Но в хмельном кураже порешили они
растянуть путешествия дни
и по Волге-реке прокатить налегке.
Ах, ефрейтор, пусть едут одни!
 
 
Ах, ефрейтор, пускай они едут себе.
Ни к чему эти шутки тебе.
Ты от пули ушел и от мины ушел.
Выходи, дурачок, из купе.
 
 
Ведь соседская Оля, невеста твоя,
месяц ходит сама не своя,
мать-старушка не спит, на дорогу глядит…
Мчится поезд в родные края!
 
 
Но с улыбкой дурною и песней блатной
в развеселой компаньи хмельной
проезжает ефрейтор родные места,
продолжает в каюте запой.
 
 
Вниз по Волге плывут, очумев от вина,
даже с берега песня слышна.
Пассажиры боятся им слово сказать.
Так и хлещут с утра до темна.
 
 
Ах, ефрейтор, ефрейтор, куда ж ты попал?
Мыться-бриться уже перестал.
На глазах пассажиров, за борт наклонясь,
ты рязанскою водкой блевал…
 
 
На четвертые сутки, к полудню проспясь,
головою похмельной винясь,
он на палубу вышел в сиянье и зной.
Блики красные плыли у глаз.
 
 
И у борта застыв, он в себя приходил,
за водою блестящей следил.
И не сразу заметил он остров вдали.
Лишь тогда, когда ближе подплыл.
 
 
И тогда-то Ее он увидел, бедняк,
и не сразу он понял, дурак,
а сперва улыбнулся похабной губой,
а потом уже вскрикнул и – Боже ты мой! –
вдоль по борту пошел кое-как
 
 
за виденьем, представшим ему одному,
почему-то ему одному,
за слепящим виденьем, за тихим лучом,
как лунатик, пришел на корму.
 
 
Дева белого плеса и тихой воды,
золотой красоты-наготы
на белейшем коне в тишине, в полусне…
Все, ефрейтор злосчастный.
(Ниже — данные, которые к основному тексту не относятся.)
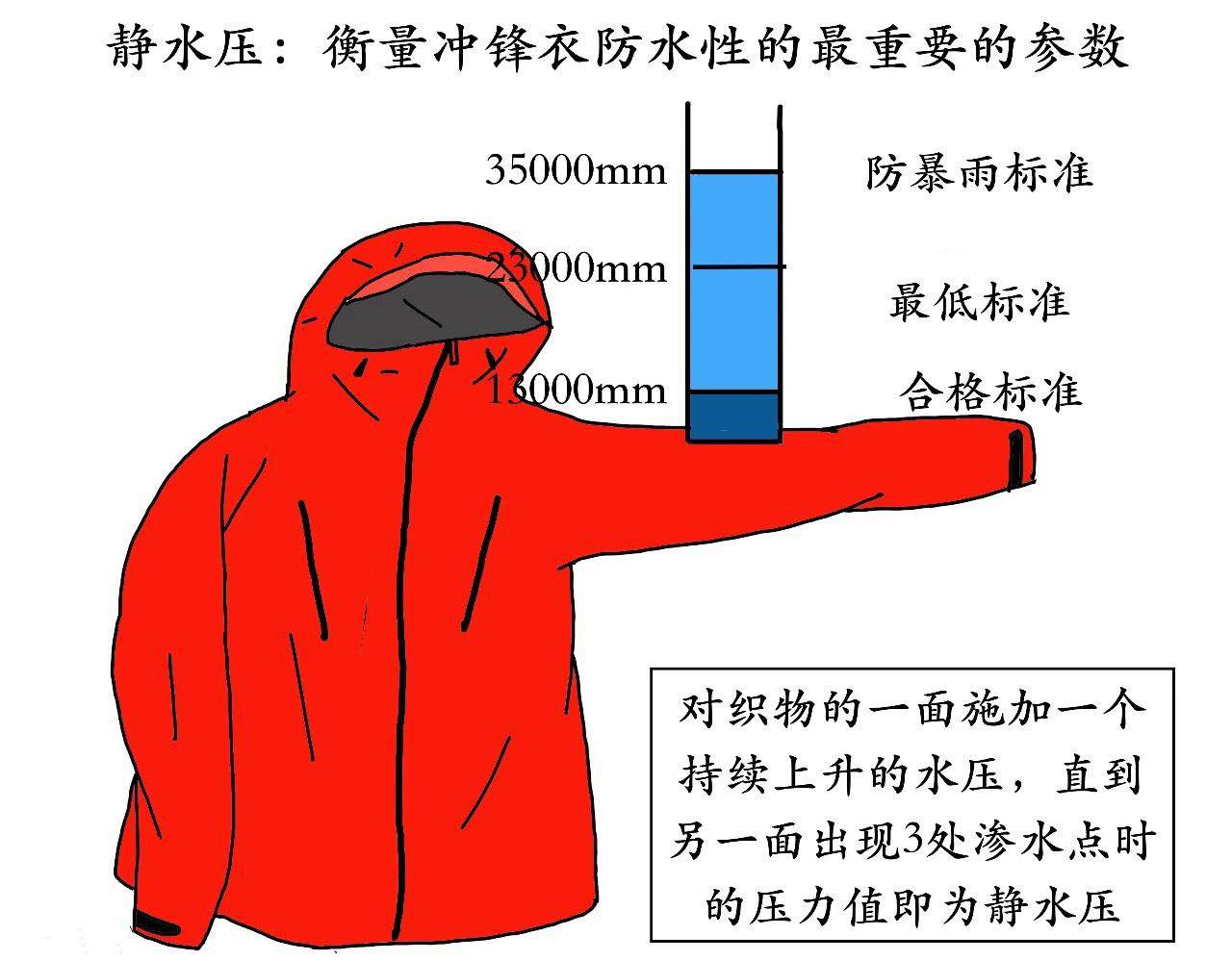 沖鋒衣的防水性能的重要參數(shù)—靜水壓。很多山友們認(rèn)為把水潑在沖鋒衣上,不漏水就說明防水,這個(gè)檢驗(yàn)方法是錯(cuò)誤的!其實(shí),除了水的自然滲透,外界施加的壓力也會(huì)迫使水穿透面料。而沖鋒衣的靜水壓的高低即可標(biāo)識(shí)它抵抗被水穿透的能力。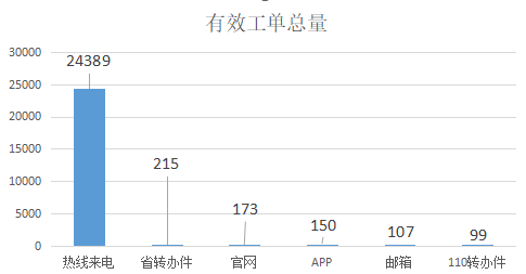 12345热线共登记有效工单25133件(其中通过“热线来电”渠道受理工单24389件、“省转办件”渠道受理工单215件、“官网”渠道受理工单173件、“APP”渠道受理工单150件、“邮箱”渠道受理工单107件、“110转办件”渠道受理工单99件)。

Кранты.
 
 
Все, ефрейтор, пропал, никуда не уйдешь.
Лучше б было нарваться на нож,
на душманскую пулю, на мину в пути.
Все, ефрейтор. Теперь не уйдешь…
 
 
И когда растворилось виденье вдали,
кореша-дембеля подошли,
чтоб в каюту позвать, чтоб по новой начать.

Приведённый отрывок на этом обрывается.